The presentation broadly focuses on two aspects. The first is my research experience on cognitive classification applying various machine learning techniques, and the second is my research plan as part of postdoc activity at UFAL.
In the real world scenario, functional magnetic resonance imaging (FMRI) data are highly complex and high dimensional, severely under-constrained and interspersed with a vast quantity of irrelevant or redundant features. Therefore, the problem of understanding the intentions of scanned subjects is a difficult pattern recognition task of FMRI analysis. At the same time, machine learning algorithms based on stochastic and probabilistic approaches such as genetic algorithms, naive Bayesian classifier, decision trees, etc. are well established for pattern recognition tasks in the medical domain. Hence, the task of decoding the cognitive states instantaneously through FMRI analysis based on machine learning approaches is a natural and interesting goal.
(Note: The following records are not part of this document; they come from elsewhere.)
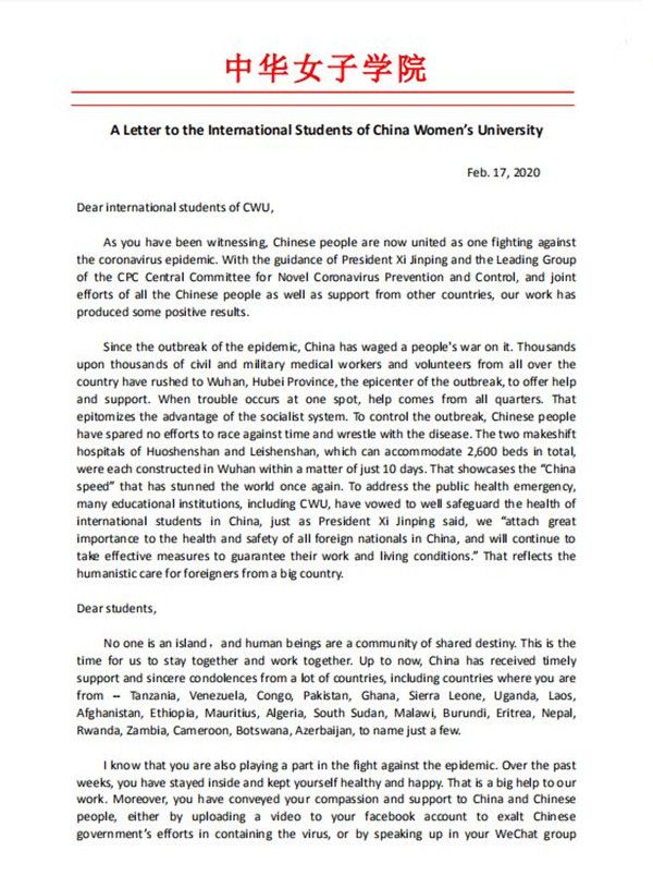 新冠肺炎疫情全面爆发之时,正值各高校放寒假之际。中华女子学院来自亚非拉16个国家的38位社会工作专业国际硕士研究生班学员选择留在中国。艰难时刻,她们主动加入中国防疫抗疫的大军,与学校师生员工站在一起,以高...
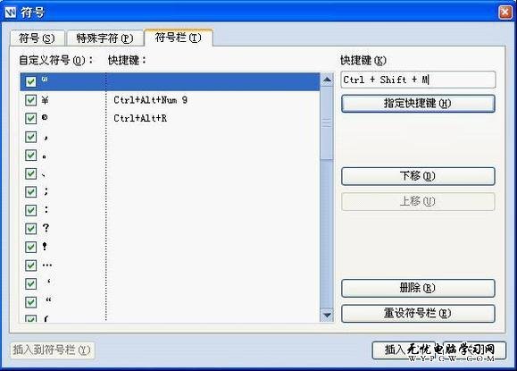 提示:我們也可以在“符號”對話框中給商標符號指定一個快捷鍵,方便我們日后使用時快速輸入。方法是在“特殊符號”選項卡下,先選擇相應的符號,然后單擊 “插入到符號欄”,再單擊“符號”選項卡,選擇剛才插入的符號并將光標定位到“快捷鍵”框中,在鍵盤中分別按下Ctrl、Shift、Alt按鍵中一個,再指定一個其它鍵,也可以利用三個按鍵中兩個和其它按鍵組合,然后單擊“指定快捷鍵”后(如圖4),最后關閉對話框退出即可。
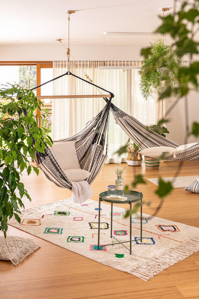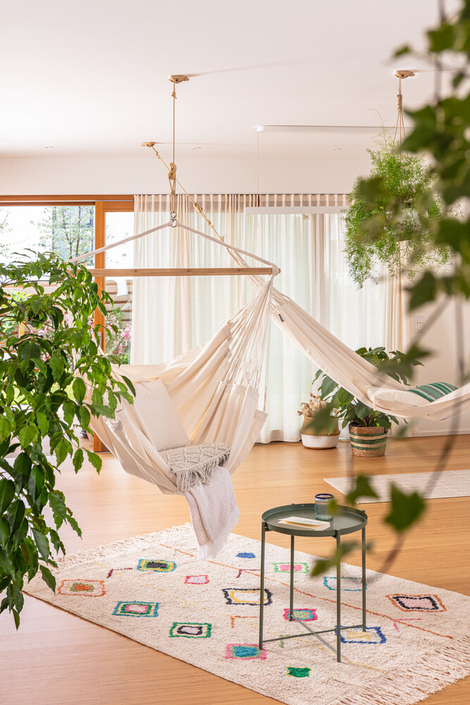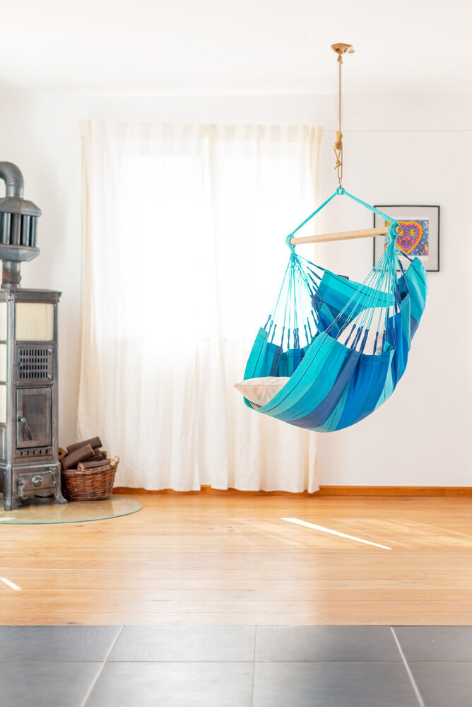A konstrukció nagyon praktikus, az anyag ellenáll az UV-sugaraknak és időjárásálló. A felfüggesztés ezen módja nem csupán leegyszerűsíti a kötél hosszának beállítását, de lehetővé teszi a függőszék gyors felszerelését és eltávolítását.
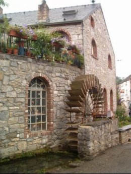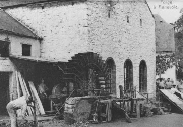 Deze watermolen werd pas in 1855 opgericht als ijzersmeedmolen (atelier Pirson). Er bestaat nog een prentkaart waarop we zien hoe het waterrad een slijpschijf aandrijft.
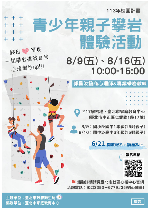 (二)活動地點:臺北市家庭教育中心9樓攀岩場及6樓教室(臺北市中正區仁愛路一段17號)。

The presentation will focus on related machine learning techniques, my proposed framework and various ensemble and non-ensemble methodologies for classifying different cognitive states.
My future research plan (a postdoc at UFAL) includes creating a Czech and Hindi variation of Visual Genome, a multi-modal network (a visual "wordnet", if you wish), a dataset that links visual and textual information and is potentially very useful for training of multi-modal neural machine translation.